Re: [Valgrind-users] threads to queue [long]

tom fogal Sun, 02 Nov 2008 19:45:51 -0800

(Re-send -- only sent to Darryl the first time (oops!))

First, you've pointed out an error in my earlier mail.  I definitely
meant `unlock; syscall; lock' in my implementation idea, but got
confused.  I mention it inline, but some of the answers above it might
not make sense, so I wanted to clarify up front.

Darryl Miles <[EMAIL PROTECTED]> writes:
> tom fogal wrote:
> > Darryl Miles <[EMAIL PROTECTED]> writes:
> >> tom fogal wrote:
> > It doesn't; I wrote this before I understood your `acquire a
> > VG-internal lock at syscall entry' implementation, and didn't come
> > back and edit.
>  >
>  > I don't see how that's not a scheduler.  Each thread essentially has a
>  > valgrind-specific state -- whether or not you'd like it to artifically
>  > suspend or not -- and valgrind should choose at various points whether
>  > or not to pause or delay the thread based on that information.
> 
> System calls would be left to run, i.e. any thread that wanted to jump 
> into a system call should be left to do so (T1) but in the act of doing 
> this at least one thread that was artificially blocked in user-space (in 
> valgrind scheduler code) would be released to run (T2).

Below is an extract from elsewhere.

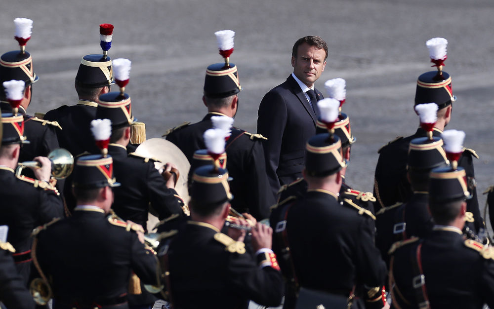 ↑2022年7月14日,法國總統馬克龍在巴黎協和廣場國慶閱兵式現場檢閱隊伍。
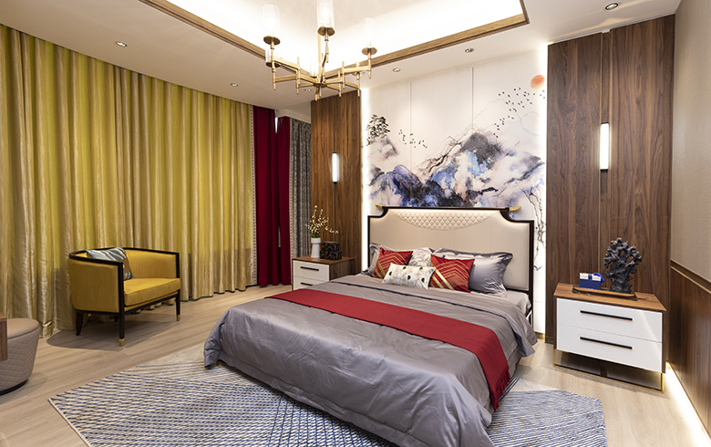 卡诺亚丨东方雅阁·卧房采用隔断柜隔开主卧和衣帽间功能区,相对独立、互不干扰,一边是全身试衣镜,一边是梳妆台,中式屏风点缀,让隔断柜成为卧房一道靓丽的风景线。欧式墙裙、中式卧榻、床头3D中式山水装饰画、皇家黄与中国红搭配的窗帘、对称均衡的设计,让卧房别具东方人文气质。

yes, but *which* thread?  You must somehow choose `T2' from a set of
threads.  I call that a scheduler.

> On the return from syscall of that first thread (T1) it would by default 
> be intercepted and a simple check made.
[snip]

I still maintain that with the vg_runnable_thread lock, you don't
really need to check anything -- just acquire and release the lock,
let the kernel worry about everything.  There doesn't seem to be a
need to check anything in that scheme.

> I'm not averse to calling the valgrind thread management a "scheduler" 
> it's just not a parallel scheduler to the one in the kernel,

I did not mean to imply parallel in relation to the kernel.
Originally, I meant parallel with respect to the application, since it
would be possible for two threads of this managed application to be
running this scheduling code at the same time.  You wouldn't want
thread A to decide thread B should run, and thread B to decide thread
A to run.

It's a moot point now; the locking-based implementation bypasses the
need for any sort of scheduling logic inside valgrind, and I'm taking
it as a given that you're going to go with that implementation at this
point.

> >> Note that you could then obtain/influence threading control with the 
> >> vg_scheduler_pre_client_hook() and the vg_scheduler_post_client_hook().
> > 
> > Yes.. but you don't need to.  The locks around the syscall already
> > assure you that only one thread can run.
>
[snip]
>
> "The locks around syscalls" I'm not sure on that terminology, I don't 
> intend to make syscalls mutually exclusive, far from it.  My design 
> states the opposite of this.
> 
> The terminology I have used was to "intercept" syscalls, i.e. allow vg 
> to do something before and after (aka wrapper).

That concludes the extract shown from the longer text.